Material for the task:
■ ■ ■ ■ ■ ■ ■

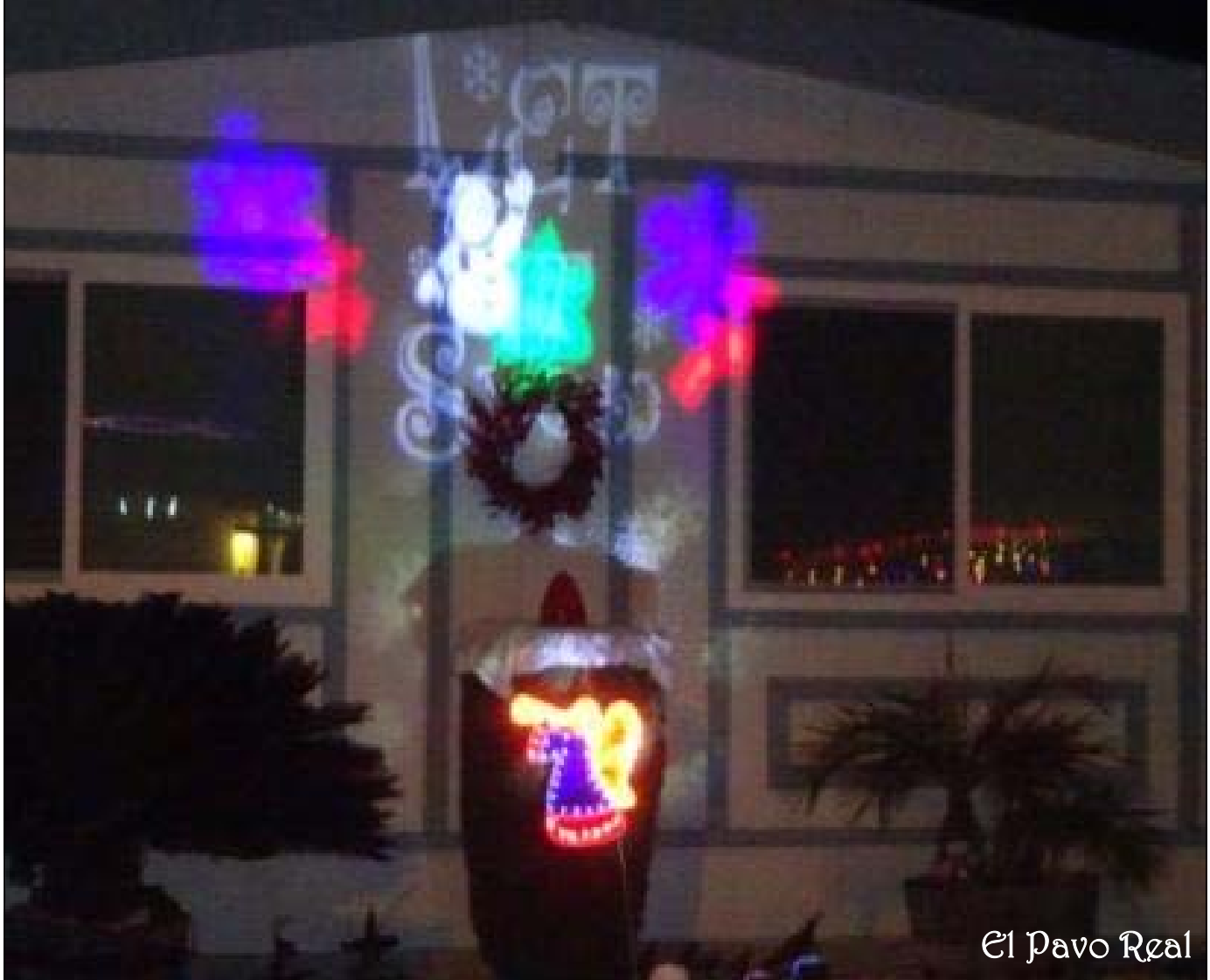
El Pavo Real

■ ■ ■ ■ ■ ■ ■

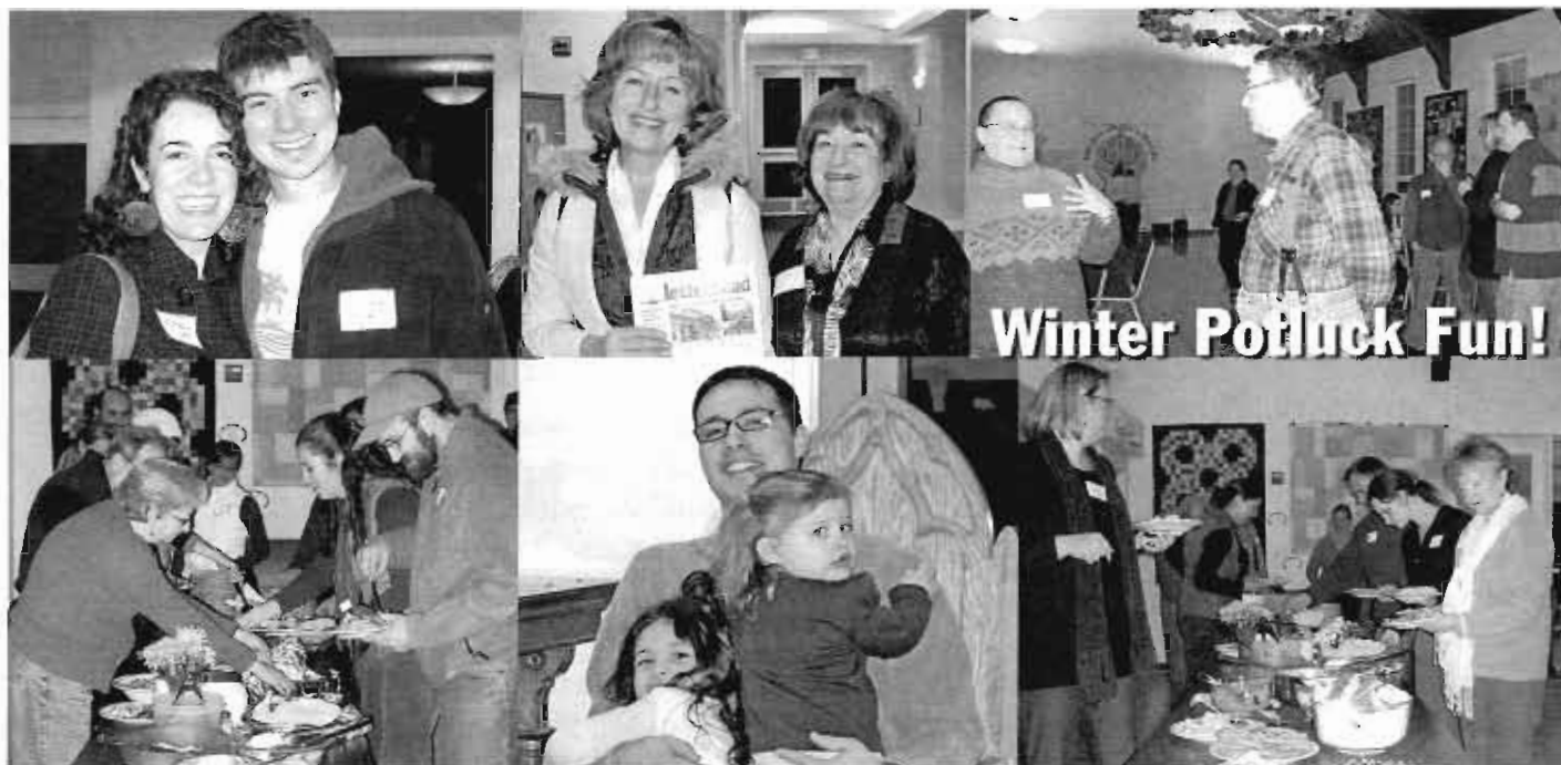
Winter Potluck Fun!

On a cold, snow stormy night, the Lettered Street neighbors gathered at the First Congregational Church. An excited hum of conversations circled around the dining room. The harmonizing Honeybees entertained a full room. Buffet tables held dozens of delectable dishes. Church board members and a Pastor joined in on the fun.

■ ■ ■ ■ ■ ■ ■

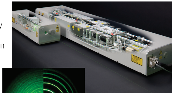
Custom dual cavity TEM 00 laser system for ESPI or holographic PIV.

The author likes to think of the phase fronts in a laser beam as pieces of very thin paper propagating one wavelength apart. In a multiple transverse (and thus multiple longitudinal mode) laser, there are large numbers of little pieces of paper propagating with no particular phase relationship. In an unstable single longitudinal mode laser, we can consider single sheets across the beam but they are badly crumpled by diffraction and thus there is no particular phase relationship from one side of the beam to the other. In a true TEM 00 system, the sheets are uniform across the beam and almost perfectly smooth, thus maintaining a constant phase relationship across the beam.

■ ■ ■ ■ ■ ■ ■

Your objective:
When a line in the material contains the string "laser", copy that line.

Written response:
Custom dual cavity TEM 00 laser system for ESPI or holographic PIV.
The author likes to think of the phase fronts in a laser beam as pieces of very thin paper propagating one wavelength apart. In a multiple transverse (and thus multiple longitudinal mode) laser, there are large numbers of little pieces of paper propagating with no particular phase relationship. In an unstable single longitudinal mode laser, we can consider single sheets across the beam but they are badly crumpled by diffraction and thus there is no particular phase relationship from one side of the beam to the other. In a true TEM 00 system, the sheets are uniform across the beam and almost perfectly smooth, thus maintaining a constant phase relationship across the beam.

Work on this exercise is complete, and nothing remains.